By analyzing existing cross correlation between Goldman Sachs Government and Fidelity Sai Emerging, you can compare the effects of market volatilities on Goldman Sachs and Fidelity Sai and check how they will diversify away market risk if combined in the same portfolio for a given time horizon. You can also utilize pair trading strategies of matching a long position in Goldman Sachs with a short position of Fidelity Sai. Check out your portfolio center. Please also check ongoing floating volatility patterns of Goldman Sachs and Fidelity Sai.

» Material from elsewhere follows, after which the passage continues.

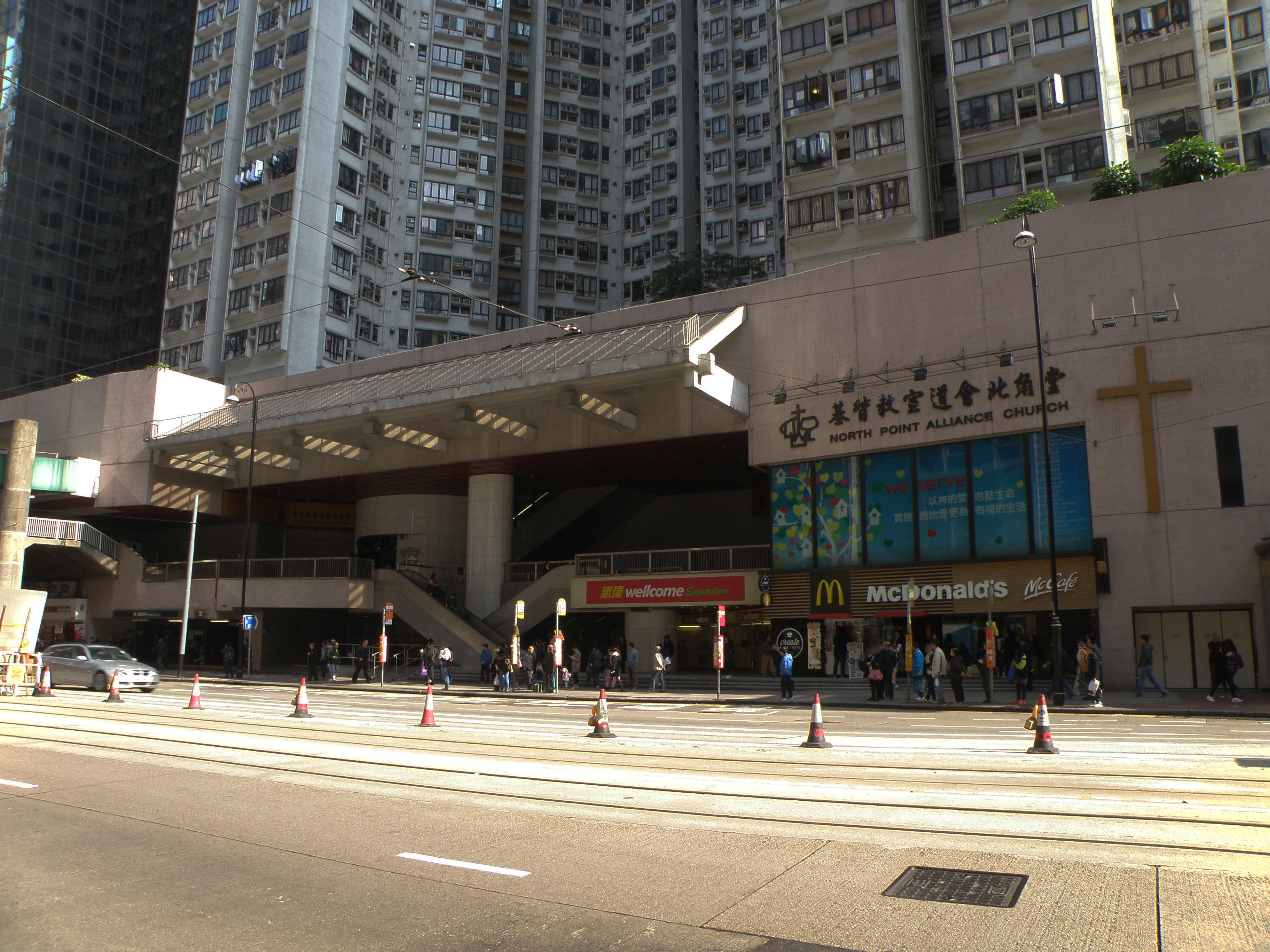 Fortress Metro Tower in Fortress Hill, Hong Kong.

Diversification Opportunities for Goldman Sachs and Fidelity Sai

0.42
  Correlation Coefficient

Very weak diversification

The 3 months correlation between GOLDMAN and Fidelity is 0.42. Overlapping area represents the amount of risk that can be diversified away by holding Goldman Sachs Government and Fidelity Sai Emerging in the same portfolio, assuming nothing else is changed. The correlation between historical prices or returns on Fidelity Sai Emerging and Goldman Sachs is a relative statistical measure of the degree to which these equity instruments tend to move together. The correlation coefficient measures the extent to which returns on Goldman Sachs Government are associated (or correlated) with Fidelity Sai. Values of the correlation coefficient range from -1 to +1, where. The correlation of zero (0) is possible when the price movement of Fidelity Sai Emerging has no effect on the direction of Goldman Sachs i.e., Goldman Sachs and Fidelity Sai go up and down completely randomly.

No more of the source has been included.